We've had a couple concerns, and we've sent them in in separate documentation.
The first one is about forwarding to a friend. It's similar to the idea that you were just talking about in regard to introducing a friend to a product or to another individual. The way the “forward to a friend” traditionally works is that if I'm on a website, and I like the news article that Mr. Geist wrote, and I want to send it to my privacy person at work, then I enter his e-mail address and name on the form, and I type, “you should read this article” and I hit “send”. There's no clarification concerning who the original sender is because the message didn't originate from my local computer. It originated from another server, which is managed by a website.
I think the idea behind this is that if the message is delivered and the address is not kept or recorded--it's just used to deliver a link that says go read this article with my message included--then it's not really clearly defined who the sender of the message is. I initiated the message, but it was delivered through another network. That's something we have mentioned that should potentially be clarified in the act.

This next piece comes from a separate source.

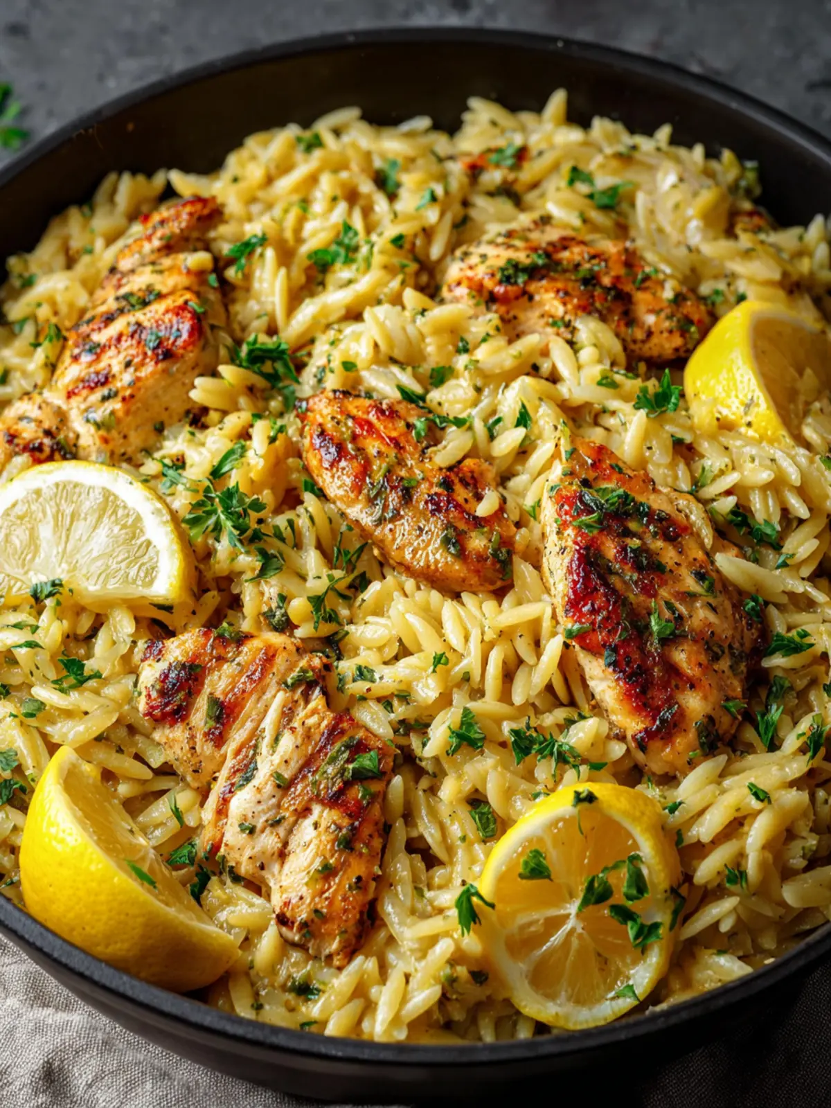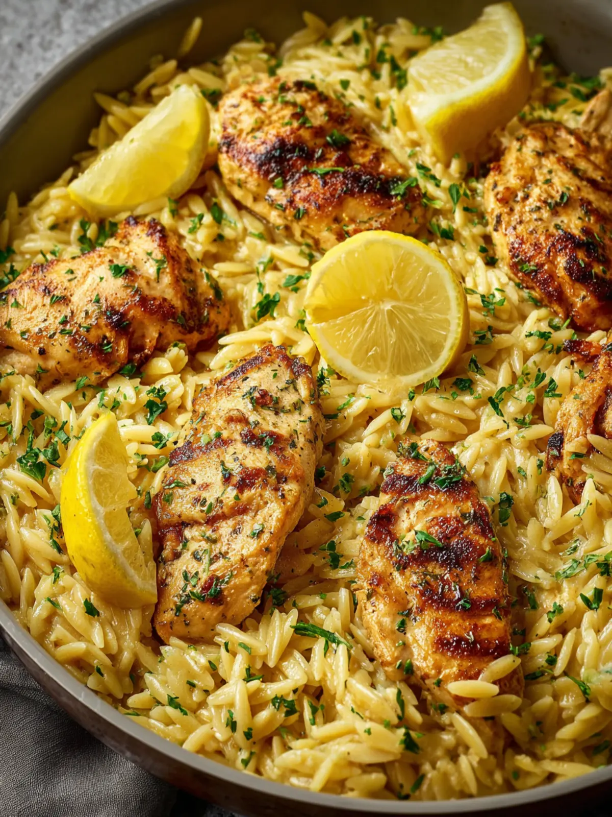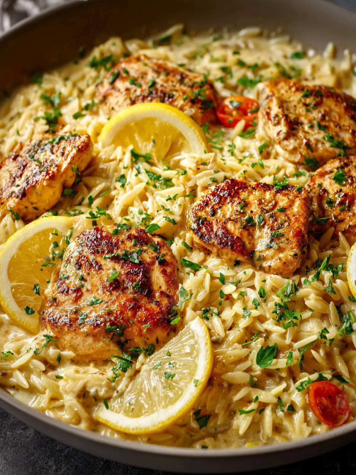 A delicious and creamy lemon chicken orzo dish that combines tender chicken, orzo pasta, and fresh herbs for a delightful meal.

There's also the identification of a sender. What's clarified as an identification? Is it the logo in a message? Because if it's an image, a lot of e-mail clients block images. That's something that needs to be looked at. You can't spam-address stuff by using a postal address, by putting a clear text postal address in a message.
Regarding the idea behind anti-spam filters, there was wording around changing the content of the message during transmission. A lot of spam filters will put headers in that say “we suspect this is spam”. Those types of things need to be clarified as well.